Project Summary: Acylfulvenes, derivatives of illudin natural products, are a promising class of drugs for cancer treatment. They are notable for high therapeutic indices and selectivitiesfor tumor cells, and clinical trials are underway. Acylfulvenes are alkylating agents, but the detailed chemical mechanisms of DNA and protein-adduct formation, and how this relates to tumor-cell selectivity is not known. The long-term goals of this project are to define a mechanistic paradigm accounting for the selectivetoxicities of acylfulvenes that will lead to the development of combined-agent and tailored therapies designed to site-specifically tune acylfulvene toxicity. The objectivesof this application are to establish a link from acylfulvene bioactivation to biomolecular target modification and cytotoxicity. The specific aims are to (1) Characterize in vitro patterns of DNA alkylation by acylfulvenes and distinguish adducts that result from direct modification of DNA from those of bioactivation- coupled reactions; (2) Characterize the mechanism of inhibition of cellular redox proteins by acylfulvenes; (3) Determine the Influence of a bioactivating reductase on acylfulvene alkylation reactions and toxicity in cells. The research approach for aim 1 involves the synthesis of chemically activated molecular probes that will be used to identify products of DNA alkylation by bioactivatedacylfulvenes. We will use chemical characterization methods to identify the structures of acylfulvene DNA adducts. In aim 2, we will use enzyme-inhibition studies combined with a mass-spectrometry-based approach to structurally map protein covalent modification. In aim 3, we will use reductase-overexpressingcells and stable tumor cell lines to test the impact of adduct formation in the complex environment of the cell. Relevance: Acylfulvenes are a new class of drugs that kill cancer cells by becoming covalently linked to biomolecules in the cell and initiating a sequence of biological events that result in cell death. The initial chemical transformations that govern this process and how they differ in cells that are sensitive to acylfulvenes versus those that are not are unknown. The ability to selectivelytarget tumor cells is a central problem in cancer therapy and consequently understanding this mechanism is important for designing safer cancer therapy strategies.

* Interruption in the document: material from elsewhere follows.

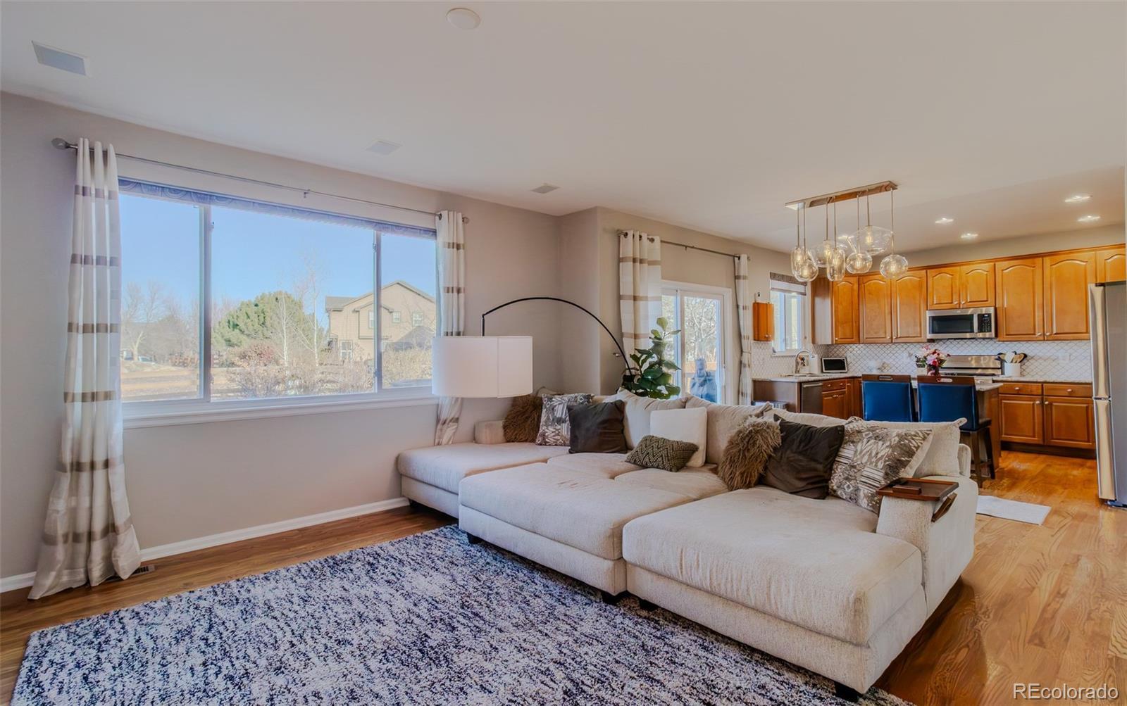 Welcome to this beautifully maintained 2 story home with a finished basement located in the highly sought after Reunion community in Commerce City. Offering over 3,000 square feet of finished living space, this home features 4 bedrooms, 3 bathrooms, and a spacious 3 car garage. The main level offers an open and functional floor plan filled with natural light, perfect for both everyday living and entertaining. The kitchen flows seamlessly into the living and dining areas, creating a comfortable space for gatherings with family and friends. The finished basement truly sets this home apart and features a custom bar area and a dedicated home theater room, making it the perfect space for movie nights, game days, or hosting guests. The basement also includes an additional bedroom providing flexibility for guests, a home office, or workout space. Upstairs, the spacious primary suite provides a relaxing retreat with heated tile floors in the primary bathroom, offering added comfort during Colorado winters. Energy efficiency is another highlight with solar panels already installed, helping reduce utility costs while adding long term value. Step outside to a private backyard ready for pets, relaxing evenings, or weekend gatherings. Located within the Reunion master planned community, residents enjoy access to pools, parks, trails, fitness center, clubhouse, and year round community events. Conveniently located near schools, shopping, dining, and with easy access to DIA, E470, and downtown Denver. Do not miss the opportunity to own this spacious home with standout entertainment features in one of Commerce City's most desirable neighborhoods.

项目概要： 酰基富烯是伞菌素天然产物的衍生物，是一类很有前景的癌症治疗药物。 它们以高治疗指数和对肿瘤细胞的选择性而闻名，临床试验正在进行中。 酰基富烯是烷化剂，但 DNA 和蛋白质加合物的详细化学机制 形成，以及这与肿瘤细胞选择性有何关系尚不清楚。该项目的长期目标是 定义一个解释酰基富烯选择性毒性的机械范式，这将导致 开发旨在特异性调节酰基富烯毒性的组合药物和定制疗法。 本申请的目的是建立从酰富烯生物活化到生物分子靶标的联系 修饰和细胞毒性。具体目标是 (1) 通过以下方式表征 DNA 烷基化的体外模式： 酰基富烯，并将 DNA 直接修饰产生的加合物与生物活化的加合物区分开来 耦合反应； (2) 表征酰基富烯抑制细胞氧化还原蛋白的机制； (3) 确定生物活化还原酶对酰基富烯烷基化反应和细胞毒性的影响。 目标 1 的研究方法涉及化学活化分子探针的合成，这些探针将被 用于鉴定生物活性酰基富烯的 DNA 烷基化产物。我们将使用化学品 鉴定酰基富烯 DNA 加合物结构的表征方法。在目标 2 中，我们将使用 酶抑制研究与基于质谱的方法相结合来绘制蛋白质结构图 共价修饰。在目标3中，我们将使用还原酶过表达细胞和稳定的肿瘤细胞系来测试 细胞复杂环境中加合物形成的影响。 关联： 酰富烯是一类新型药物，通过与生物分子共价连接来杀死癌细胞 细胞并启动一系列导致细胞死亡的生物事件。最初的化学物质 控制这一过程的转化以及它们在对酰基富烯敏感的细胞和对酰基富烯敏感的细胞中有何不同 那些不是的则未知。选择性靶向肿瘤细胞的能力是癌症的核心问题 治疗并因此了解这一机制对于设计更安全的癌症治疗非常重要 策略。